Percussion instrument
- Other names: Güira, rascador, güícharo (Puerto Rican, made from plastic), candungo, carracho, rayo
- Classification: Idiophone, can be made from wood, gourd, metal, plastic or fiberglass
- Hornbostel–Sachs classification: 112.23 (Scraped idiophone, vessel)

Playing range
- Speed of scrape produces some variation

Related instruments
- Güira, guayo, guacharaca, reco-reco, quijada, washboard, vest frottoir

= Güiro =

Latin American percussion instrument

The güiro (/es/) is a percussion instrument consisting of an open-ended, hollow gourd with parallel notches cut in one side. It is played by rubbing a stick or tines (see photo) along the notches to produce a zipper-like ratchet sound.

The güiro is commonly used in Cuban, Puerto Rican, and other forms of Latin American music, and plays a key role in the typical rhythm section of important genres like son, trova and salsa. Playing the güiro usually requires both long and short sounds, made by scraping up and down in long or short strokes.
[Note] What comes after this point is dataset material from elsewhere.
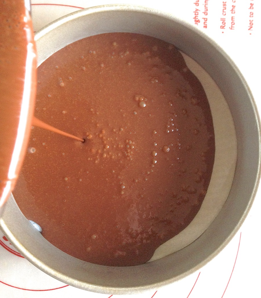 Now, it you poured the filling into an 8" round cake pan, you should be able to center it over the cake, tap the pan to release the filling/parchment, then peel off the parchment.
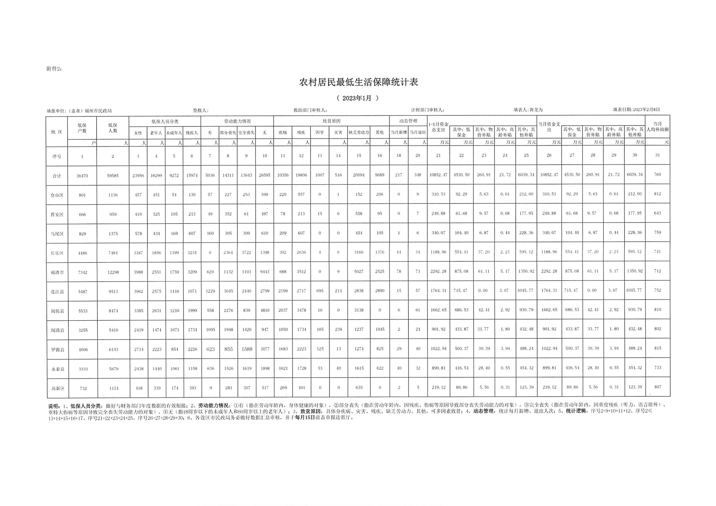 2023年三级色情 农村居民最低生活保障统计表(1月)

The güiro, like the maracas, is often played by a singer. It is closely related to the Cuban guayo, Dominican güira, and Haitian graj which are made of metal. Other instruments similar to the güiro are the Colombian guacharaca, the Brazilian reco-reco, the Cabo Verdean ferrinho, the quijada (cow jawbone) and the frottoir (French) or fwotwa (French Creole) (washboard).

== Etymology ==
In the Arawakan language, a language of the indigenous people of Latin America and spread throughout the Caribbean spoken by groups such as the Taíno, güiro referred to fruit of the güira and an instrument made from fruit of the güira.

== Construction and design ==
The güiro is a notched, hollowed-out gourd. Often, the calabash gourd is used. The güiro is made by carving parallel circular stripes along the shorter section of the elongated gourd. Today, many güiros are made of wood or fiberglass.

== History ==
The güiro was adapted from an instrument which originated in South America. The Aztecs produced an early cousin to the güiro, called the omitzicahuastli, which was created from a small bone with serrated notches and was played in the same manner as the güiro. The Taíno people of the Caribbean have been credited with the origins of the güiro. The Taínos of Dominican Republic, Cuba and Puerto Rico developed the güajey, a long gourd or animal bone with notches, an antecedent of the modern day güiro.
Alternatively, in Africa a scraping instrument made of bone was used. . Blench (2009) suggests a connection with the scraped idiophones of Cameroon and other regions of West and Central Africa (see list of musical instruments of Cameroon). The Berom people of central Nigeria also have scraper or guiro-like instrument called gwák or gwàshák.

== Use in music ==
Across Latin America, the Caribbean, the güiro can be found in a variety of traditional, folk dance music and used in dance ensembles and religious festivals. In the Yucatán Peninsula, the güiro is used in two Mayan dances, the mayapax and the jarana. In Cuba, the güiro is used in the genre danzón. In Puerto Rico, the güiro often associated with the music of the jíbaro and is used in the musical genres of the plena, the seis, and the danza. In the Caribbean coast, the güiro was used in traditional, folk dance cumbia music and is still used in modern cumbia music. In Panama, the güiro can be found in folk dances such as the merjorana and cumbia.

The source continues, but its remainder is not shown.